Jawaban terhadap masalah kejahatan ini didasarkan pada filsafat rasional tertentu yang mengkaji soal eksistensi dan noneksistensi secara mendalam. Filsafat ini menyanggah kaum dualitas dengan mengatakan bahwa kejahatan bukanlah maujud factual dan eksternal sehingga memerlukan pencipta dan sumber tersendiri. Poin ini bias kita bentangkan dalam dua sisi: pertama, kejahatan adalah sesuatu yang noneksistensial (’adam); kedua, kejahatan adalah sesuatu yang relatif. Dengan membentangkan dua sisi ini, sirnalah keraguan seputar dualitas eksistensi.
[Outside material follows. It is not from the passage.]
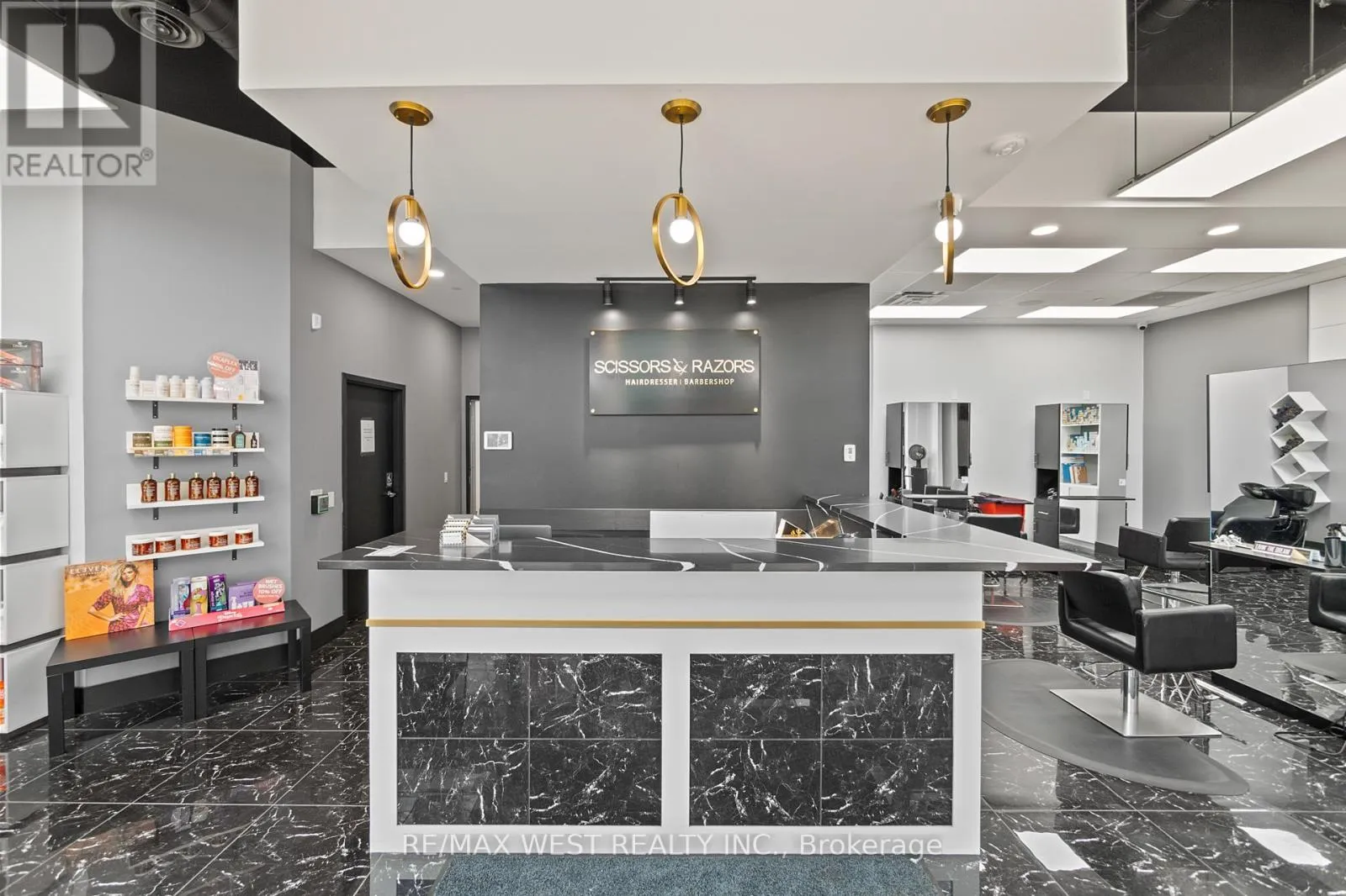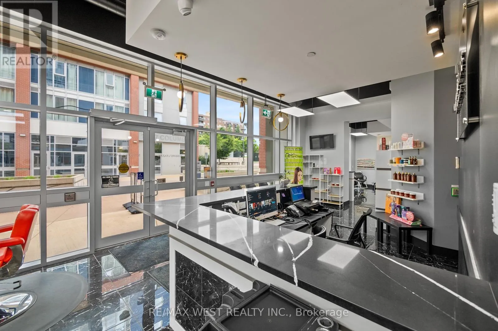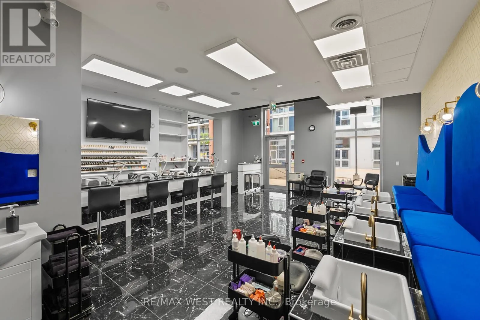Cross Streets: Columbia St W & Albert St. ** Directions: NA. An incredible opportunity to own a turnkey Beauty Salon Business with a built-in Bar/Cafe with a liquor license in a prestigious neighborhood at the heart of Waterloo. Minutes from The University of Waterloo and Laurier. 7 years in business. Large loyal clientele. The salon is divided into 3 sections: Nail Spa, Hair Salon, and a Bar/Cafe that serves Spirits, Bubble Tea, Coffee, and Deserts. Fully renovated with luxury modern finishes, custom-made fixtures, and high-end equipment + inventory. For Sale "as is", including all furniture: 6 hairstyling stations, 2 hair sinks, all shelving, desks & chairs, fully stocked back bar, color bar, and retail area, 4 Manicure Stations, 5 Pedicure Stations. Current employees willing to stay. Guaranteed positive cashflow from day one. Perfect for an investor, hairstylist or aesthetician. Surrounded by anchor businesses and hundreds of residents. (id:27476)

Kejahatan Adalah Noneksistensial

Analisis sederhana sudah cukup untuk menegaskan bahwa esensi kejahatan adalah murni noneksistensial. Yakni, semua kejahatan itu sama sekali tiada dan noneksistensial. Bahasan ini memiliki sejarah yang panjang, akar-akarnya tertanam dalam pemikiran Yunani kuno. Dalam buku-buku filsafat, gagasan ini diatributkan kepada para pemikir Yunani kuno, khususnya Plato. Akan tetapi, para filsuf mutakhir telah menilik dan mendedahnya secara lebih luas dan mendalam. Lantaran kita memandangnya sebagai pijakan yang benar dan fundamental, kita akan membahasnya. Sambil memohon maaf kepada para pembaca atas kepelikan bahasan ini, saya meminta para pembaca bisa bersabar dan berkonsentrasi untuk memahaminya. Saya kira, tema ini sangat setimpal dengan waktu dan kesungguhan yang akan kita berikan, dan saya berjanji melakukan pembahasan sesederhana mungkin.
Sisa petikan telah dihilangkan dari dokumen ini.